──────── AVAILABLE DATA
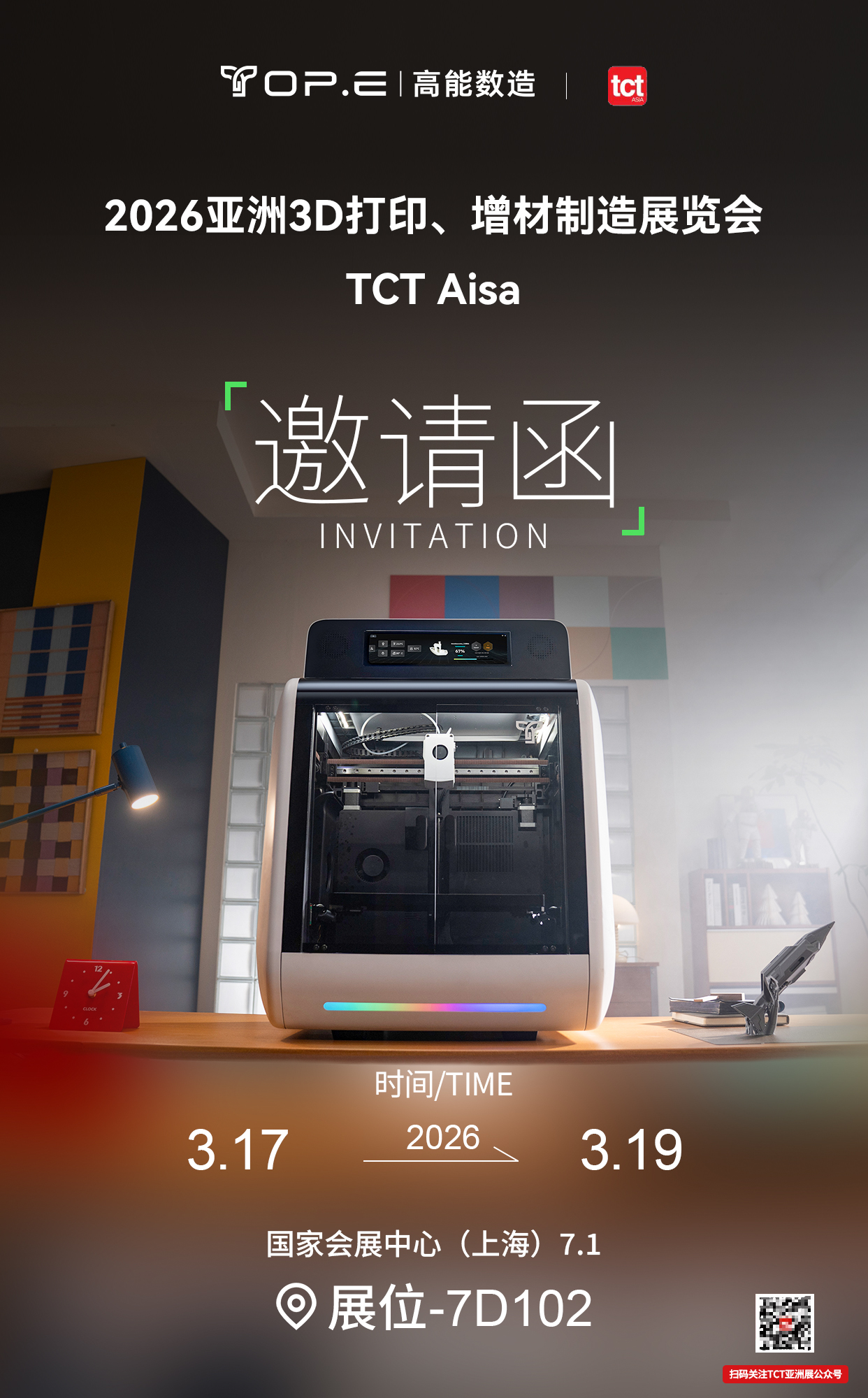 据悉,本次2026上海TCT展会,TOP.E将在7.1馆设有展位,不仅将现场展示R1的完整打印流程,还将开放真机体验,让观众近距离感受500mm/s高速打印、双AI摄像头实时监控等强大功能,亲身解锁“少支撑、零门槛、多色彩”的智能打印新体验。这场新品与盛会的碰撞,必将成为展会焦点,诚邀全球3D打印爱好者、创客、教育从业者、行业经销商莅临现场,共鉴技术革新,抢占消费级3D打印新风口。
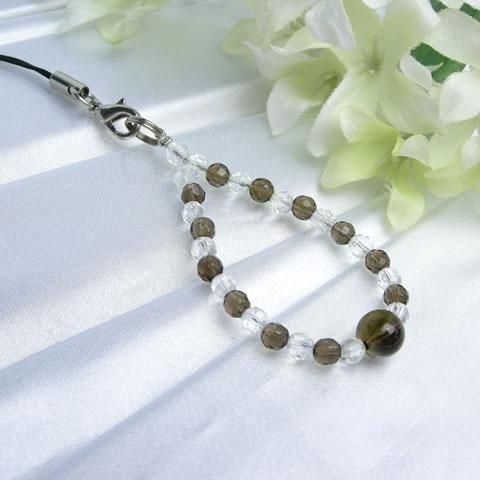 スモーキークォーツ & 水晶 携帯ストラップ 天然石ストラップ キーホルダー
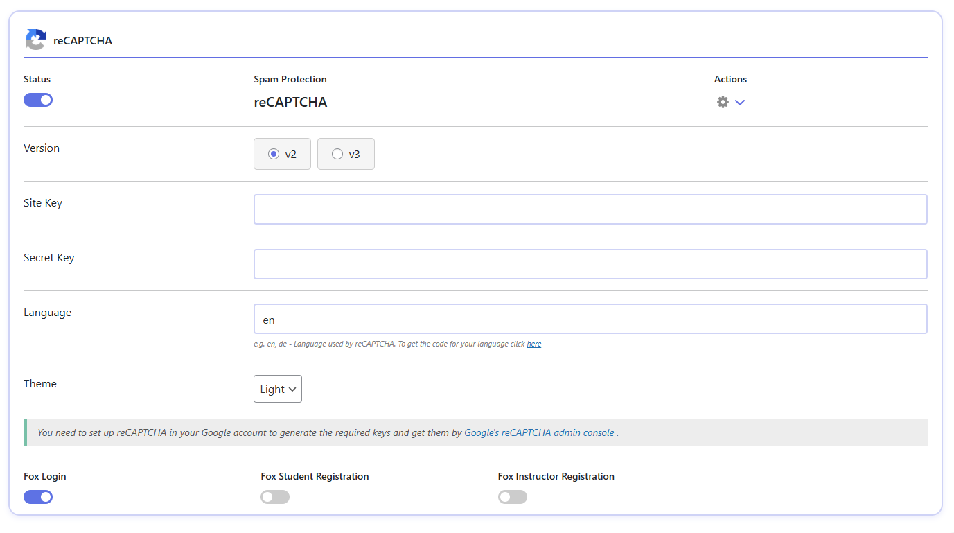 This documentation will guide you through enabling and configuring Google reCAPTCHA in your LMS.
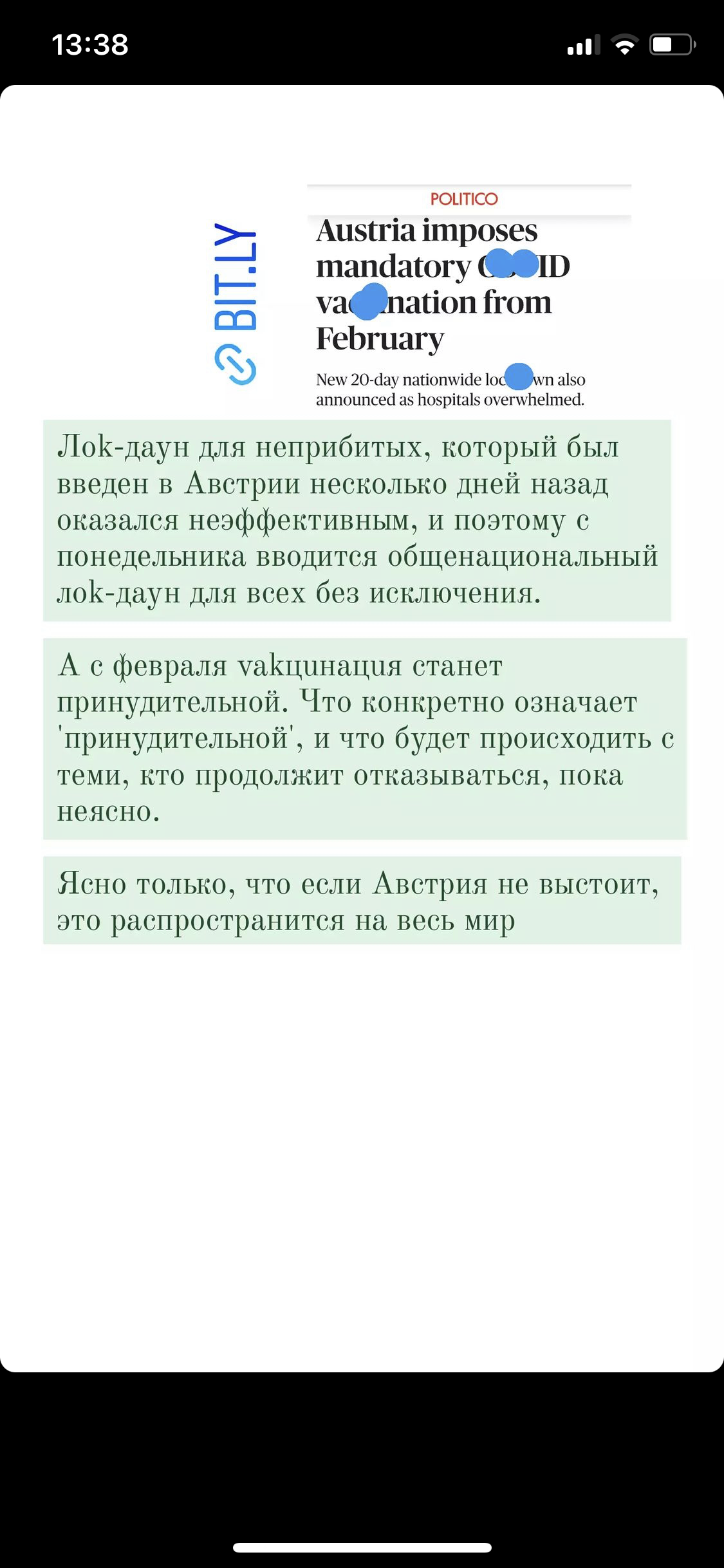 Nata_5 писал(а): Ага, легко и непринужденно. Сейчас родственница из ростова звонила. на час болтовни 30 минут кашляла. С августа...все кашляет. нормально так легко поболела-50% поражения легких было и в больнице месяц. Мужик ее дома лечился, но там мама была учителем докторов-сам себе уколы в живот ставил гепаринился. У того и другого давление теперь скачет-чего сроду раньше не было. Во весело и легко переболели и до сих пор веселятся-в голос говорят что дураки надо было прививаться-считают на пальцах месяцы-побегут через полгода ставить...ага, нифига не старики, там гектар и работа и хозяйство в дурдоме на двоих с бассейном. Кто несет что за 2 дня тут переболел-там никто теста не делал-они думают что переболели-у них все еще спереди. Ну вот , опять слухи Знакомая знакомой ( как вы это антиваксерам говорите ) В моём окружении тяжело болевших ковид просто нет, Все болели как орв.
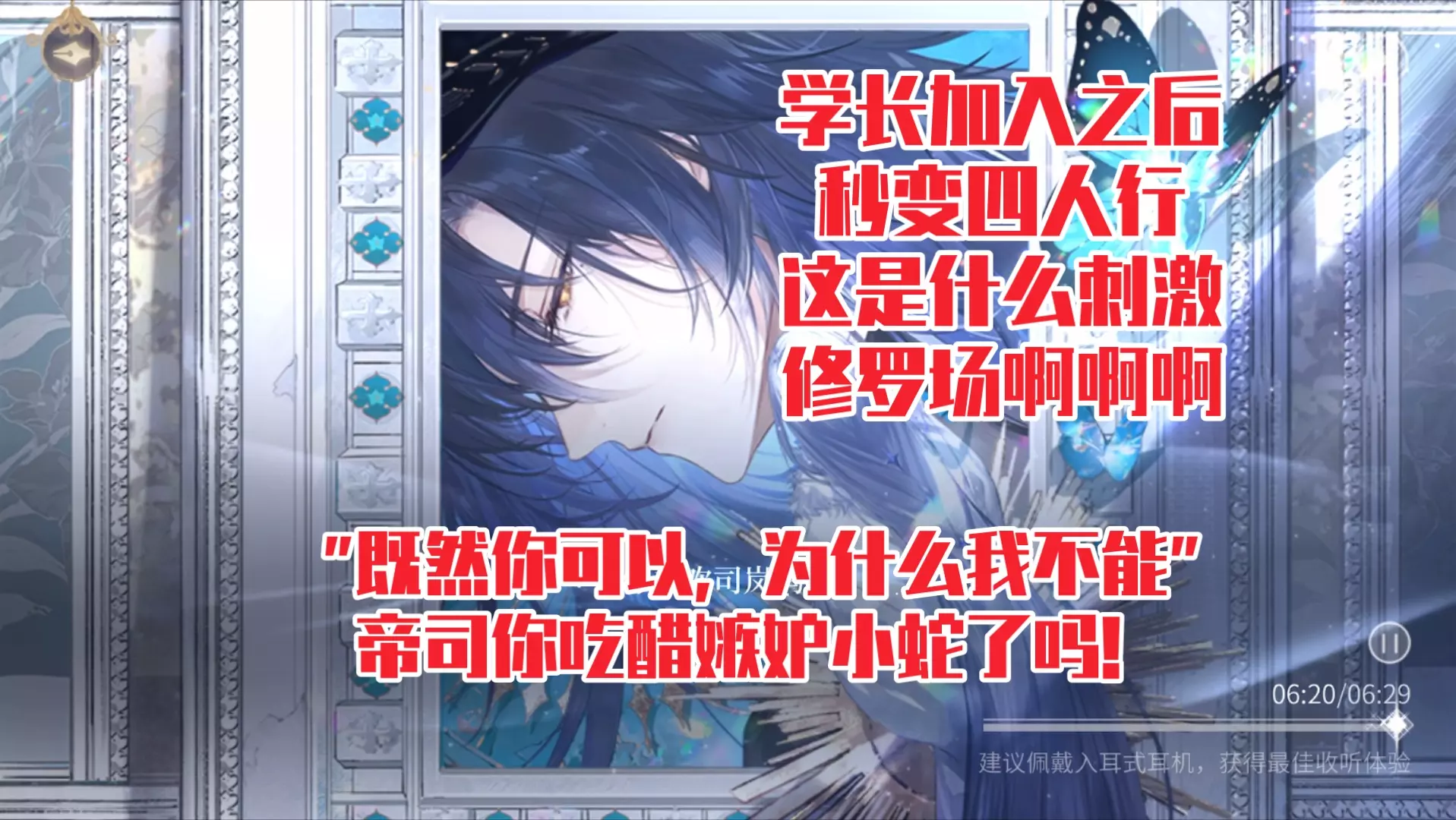《时空中的绘旅人》(玩家戏称海螺肉)有着超多精彩修罗场剧情,从角色间的对峙、异界少女被关囚笼到抢新娘等情节,看点十足,很难在其他游戏里看到这么多这类精彩内容。
────────────────
- EXERCISE DESCRIPTION -
Reproduce exactly, and only, the lines from the one holding "This documentation will" through the final line of the entries. Do not include the pictures.

- RESULT OF THE TASK -
 This documentation will guide you through enabling and configuring Google reCAPTCHA in your LMS.
 Nata_5 писал(а): Ага, легко и непринужденно. Сейчас родственница из ростова звонила. на час болтовни 30 минут кашляла. С августа...все кашляет. нормально так легко поболела-50% поражения легких было и в больнице месяц. Мужик ее дома лечился, но там мама была учителем докторов-сам себе уколы в живот ставил гепаринился. У того и другого давление теперь скачет-чего сроду раньше не было. Во весело и легко переболели и до сих пор веселятся-в голос говорят что дураки надо было прививаться-считают на пальцах месяцы-побегут через полгода ставить...ага, нифига не старики, там гектар и работа и хозяйство в дурдоме на двоих с бассейном. Кто несет что за 2 дня тут переболел-там никто теста не делал-они думают что переболели-у них все еще спереди. Ну вот , опять слухи Знакомая знакомой ( как вы это антиваксерам говорите ) В моём окружении тяжело болевших ковид просто нет, Все болели как орв.
《时空中的绘旅人》(玩家戏称海螺肉)有着超多精彩修罗场剧情,从角色间的对峙、异界少女被关囚笼到抢新娘等情节,看点十足,很难在其他游戏里看到这么多这类精彩内容。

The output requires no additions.